Packed with Calcium: Important for bone health.
Creamy Texture: When blended, it mimics sour cream or cream cheese.
Neutral Flavour: It doesn’t overpower the dish, it just blends right in.
MEAL PREP YOUR MASHED POTAOTES.
Got guests coming over? Or just want to save time during a busy week? Good news: these mashed potatoes can be prepped in advance.
Up to 2 Days Ahead: Make the mash, let it cool, and refrigerate in an airtight container.
Reheating: Warm gently on the stove with a splash of milk to loosen them up, stirring occasionally.
Freezing: Yes, you can freeze mash! Portion into freezer-safe containers, defrost overnight in the fridge, and reheat as above.

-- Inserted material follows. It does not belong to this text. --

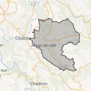 - Розташування муніципалітету Арсак-ан-Веле на мапі Франції та сусідні муніципалітети

PAIRING WITH YOUR HEALTHY EATING GOALS.
I’m a big believer in small tweaks that make a big difference to your health. This recipe is a perfect example: by swapping in cottage cheese, you’ve made a comfort food classic more balanced without losing any of the joy.
Some ways to use this in your week:
Meal Prep: Make a big batch and portion for quick sides all week.
Post-Workout Meal: Pair with grilled chicken or salmon for a protein-packed recovery meal.
Family-Friendly Dinner: It’s creamy, delicious, and kid-approved — a win for everyone at the table.
A COMFORT FOOD WITH BENEFITS.
Food should be enjoyable — and that includes comfort food. The key is finding ways to add nutrients without losing the flavours and textures we love. This Creamy (Protein Boosted) Mashed Potatoes recipe is exactly that. It’s nostalgic, cosy, and comforting, but it’s also smartly balanced with added protein, fibre, and flavour.
So the next time you’re craving mashed potatoes, give this recipe a go. I promise, you won’t even notice the cottage cheese — but you’ll definitely notice how much more satisfying it feels.
FINAL THOUGHTS.
Healthy eating doesn’t have to mean giving up the foods you love. It’s about making small, smart tweaks that bring more balance to your plate while still letting you enjoy every bite. These Creamy (Protein Boosted) Mashed Potatoes are a perfect example.
They’re creamy, nourishing, and easy to whip up on a busy weeknight — but also special enough to serve when you’re entertaining. Pair them with my Slow Cooker Beef Bourguignon for the ultimate comfort meal, or simply enjoy them with some roasted veggies for a lighter twist.
Either way, they’re going to become a recipe you’ll reach for again and again. Because at the end of the day, healthy food should never feel like a chore — it should feel delicious, doable, and deeply satisfying.